**Activity:** When you reach the line that contains "On binlerce BİLSEM" below, transcribe it and each line after it word for word to the end of the records, omitting pictures.

____ Data for this task

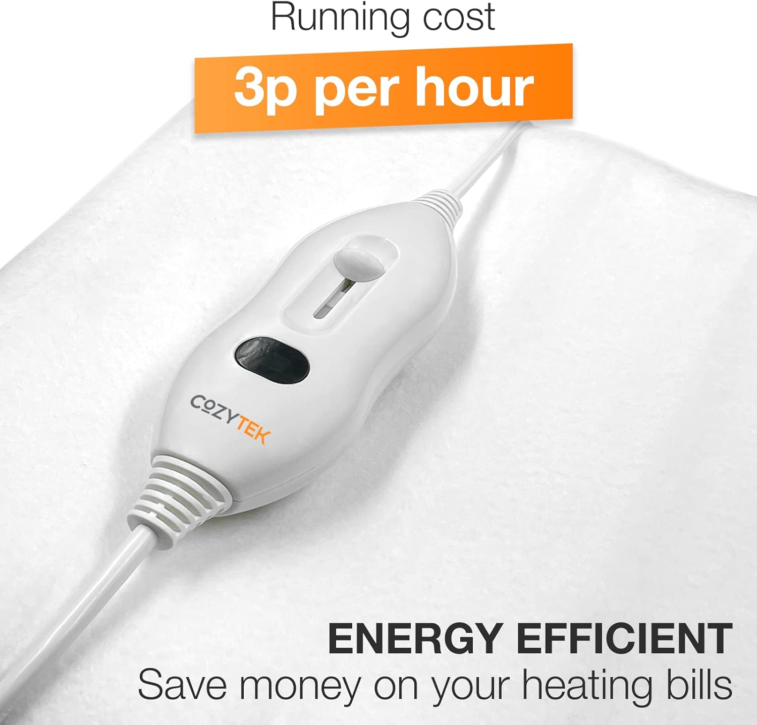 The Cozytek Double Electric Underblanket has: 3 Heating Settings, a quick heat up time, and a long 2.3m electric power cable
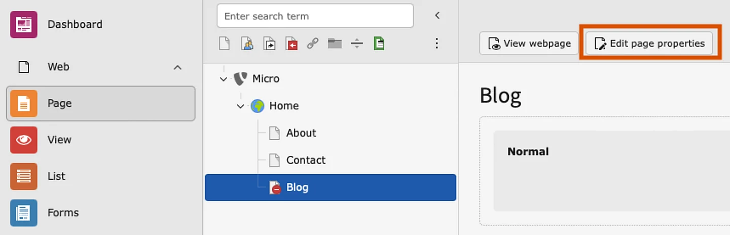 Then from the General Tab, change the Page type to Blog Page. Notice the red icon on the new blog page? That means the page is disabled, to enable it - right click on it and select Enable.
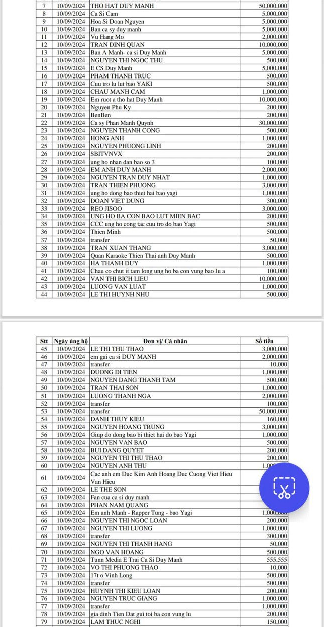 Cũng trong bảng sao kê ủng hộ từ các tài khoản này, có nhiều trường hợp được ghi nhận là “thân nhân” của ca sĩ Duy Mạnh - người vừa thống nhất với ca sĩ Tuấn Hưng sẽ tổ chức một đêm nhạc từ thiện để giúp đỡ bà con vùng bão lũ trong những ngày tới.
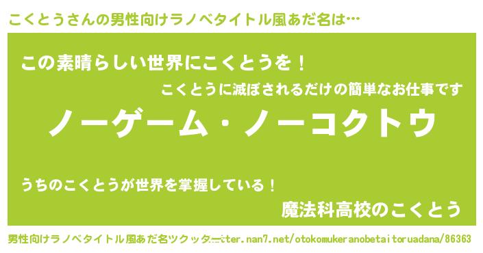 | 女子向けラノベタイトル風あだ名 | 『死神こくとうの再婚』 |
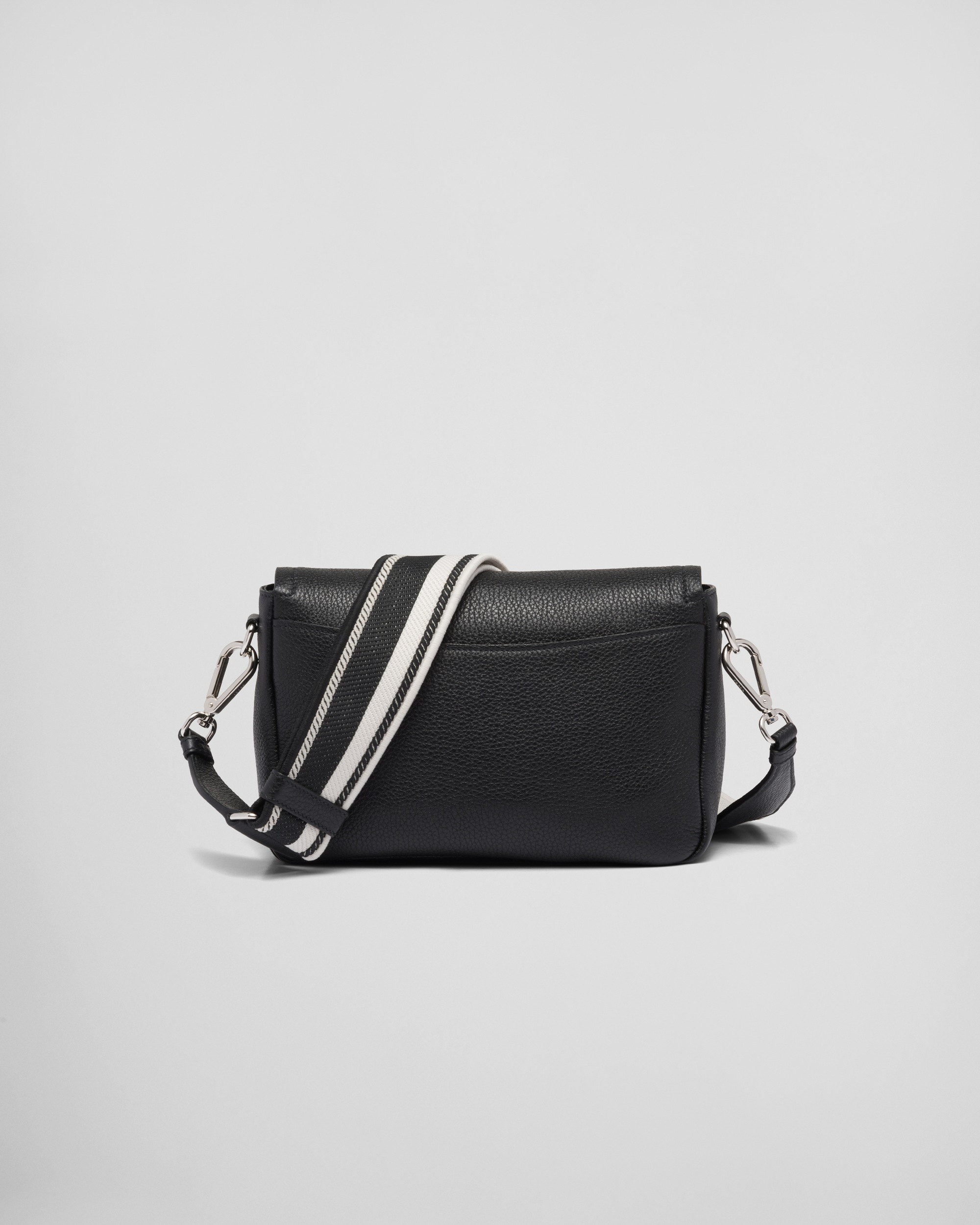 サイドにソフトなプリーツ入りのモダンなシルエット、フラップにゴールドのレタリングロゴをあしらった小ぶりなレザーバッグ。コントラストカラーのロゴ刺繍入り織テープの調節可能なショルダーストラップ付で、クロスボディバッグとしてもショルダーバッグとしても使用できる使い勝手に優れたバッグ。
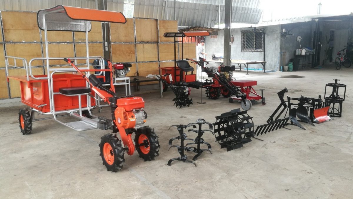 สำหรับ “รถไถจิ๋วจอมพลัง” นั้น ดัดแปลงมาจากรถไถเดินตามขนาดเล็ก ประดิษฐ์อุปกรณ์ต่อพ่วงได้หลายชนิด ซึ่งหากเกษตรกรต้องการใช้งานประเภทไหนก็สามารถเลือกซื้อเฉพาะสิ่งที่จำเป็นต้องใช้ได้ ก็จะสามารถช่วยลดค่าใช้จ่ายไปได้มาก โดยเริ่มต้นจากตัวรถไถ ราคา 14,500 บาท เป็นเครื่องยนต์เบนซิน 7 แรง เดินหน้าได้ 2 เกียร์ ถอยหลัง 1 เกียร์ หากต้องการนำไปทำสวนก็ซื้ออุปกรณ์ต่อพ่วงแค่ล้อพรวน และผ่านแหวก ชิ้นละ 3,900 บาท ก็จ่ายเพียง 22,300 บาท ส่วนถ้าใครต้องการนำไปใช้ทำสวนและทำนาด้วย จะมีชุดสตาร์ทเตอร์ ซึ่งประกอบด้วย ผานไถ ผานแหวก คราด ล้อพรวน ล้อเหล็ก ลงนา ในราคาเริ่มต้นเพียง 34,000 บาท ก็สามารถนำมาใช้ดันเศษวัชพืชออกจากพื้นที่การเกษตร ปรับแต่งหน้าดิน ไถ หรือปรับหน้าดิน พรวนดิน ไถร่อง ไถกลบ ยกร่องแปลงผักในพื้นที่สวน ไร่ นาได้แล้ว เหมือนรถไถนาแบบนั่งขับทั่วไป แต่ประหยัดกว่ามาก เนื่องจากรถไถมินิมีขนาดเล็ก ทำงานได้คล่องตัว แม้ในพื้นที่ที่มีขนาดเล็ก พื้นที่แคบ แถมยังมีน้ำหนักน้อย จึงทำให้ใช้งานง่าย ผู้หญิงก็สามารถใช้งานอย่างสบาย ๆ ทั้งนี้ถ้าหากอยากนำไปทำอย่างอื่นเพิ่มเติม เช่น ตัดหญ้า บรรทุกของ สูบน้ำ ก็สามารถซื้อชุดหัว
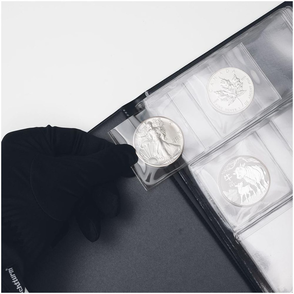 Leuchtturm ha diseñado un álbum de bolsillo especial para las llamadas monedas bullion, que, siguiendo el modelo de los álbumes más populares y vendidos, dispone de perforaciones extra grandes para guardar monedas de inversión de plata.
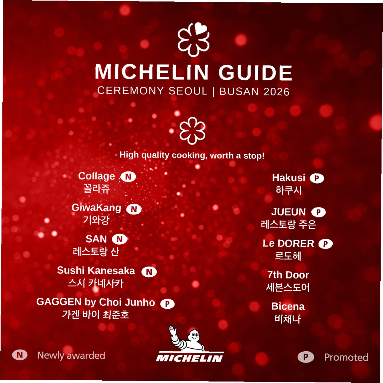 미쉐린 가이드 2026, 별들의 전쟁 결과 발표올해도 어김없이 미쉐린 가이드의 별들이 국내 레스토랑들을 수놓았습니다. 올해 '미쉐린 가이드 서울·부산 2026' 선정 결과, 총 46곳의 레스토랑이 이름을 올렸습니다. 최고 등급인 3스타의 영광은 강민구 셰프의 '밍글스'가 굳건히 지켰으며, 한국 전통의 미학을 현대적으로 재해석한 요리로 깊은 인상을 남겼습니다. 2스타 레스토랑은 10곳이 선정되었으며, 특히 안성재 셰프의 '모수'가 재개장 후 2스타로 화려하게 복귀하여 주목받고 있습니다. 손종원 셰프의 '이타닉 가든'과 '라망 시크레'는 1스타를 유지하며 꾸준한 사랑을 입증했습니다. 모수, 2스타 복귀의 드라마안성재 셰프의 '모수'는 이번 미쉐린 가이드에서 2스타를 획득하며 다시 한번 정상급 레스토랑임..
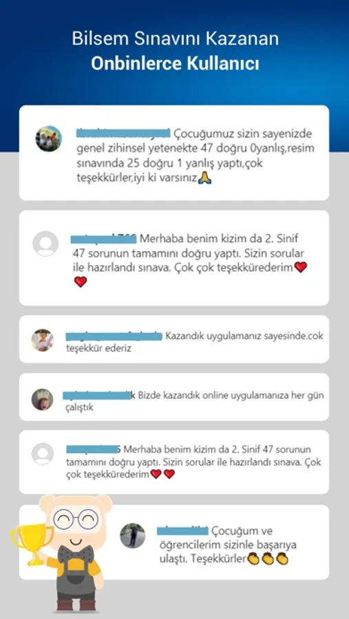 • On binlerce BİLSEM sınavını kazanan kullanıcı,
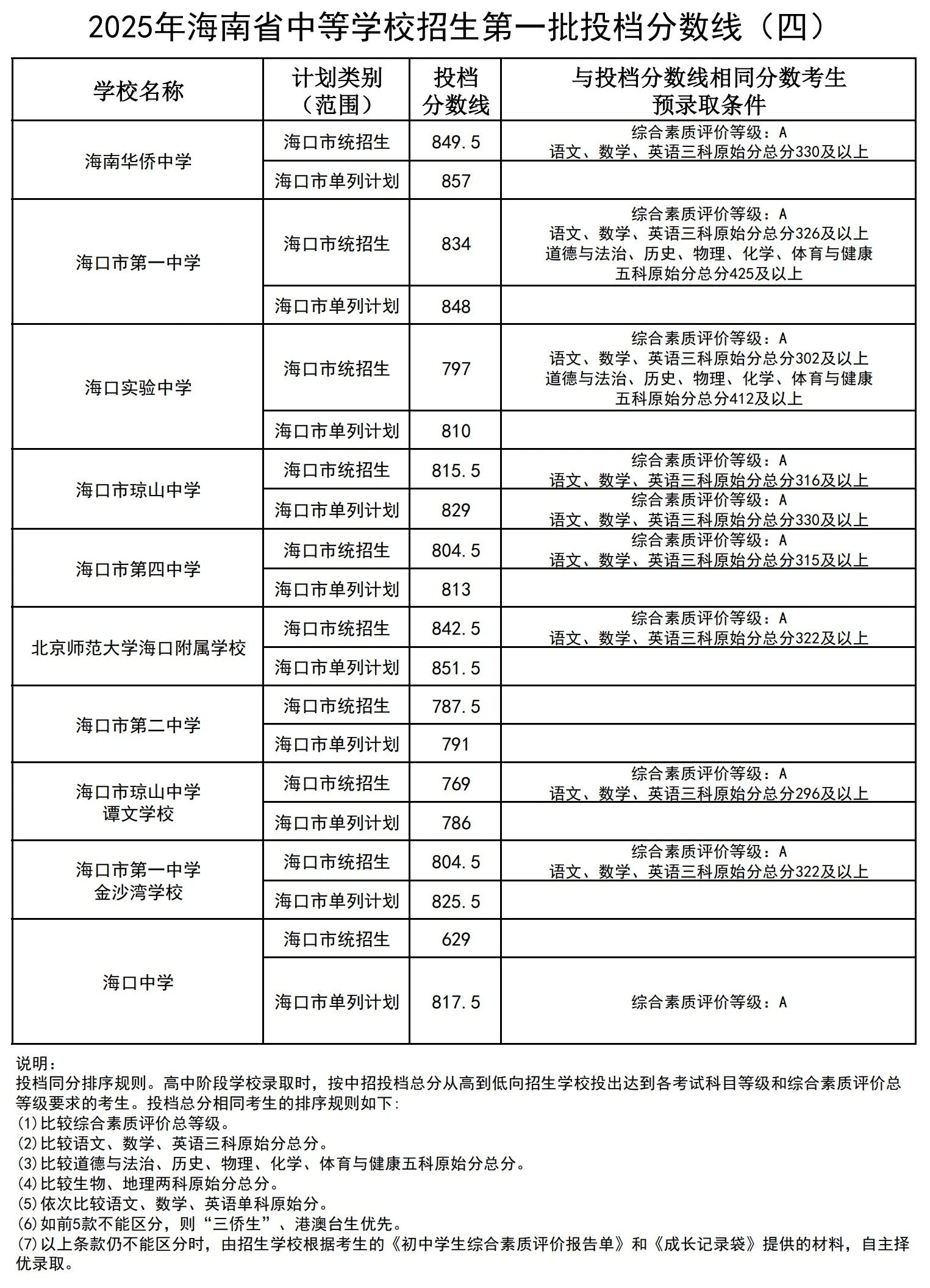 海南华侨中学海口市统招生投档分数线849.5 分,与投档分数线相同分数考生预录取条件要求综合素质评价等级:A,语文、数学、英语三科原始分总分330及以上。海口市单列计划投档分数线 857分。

________

**Answer for this exercise:**
 • On binlerce BİLSEM sınavını kazanan kullanıcı,
 海南华侨中学海口市统招生投档分数线849.5 分,与投档分数线相同分数考生预录取条件要求综合素质评价等级:A,语文、数学、英语三科原始分总分330及以上。海口市单列计划投档分数线 857分。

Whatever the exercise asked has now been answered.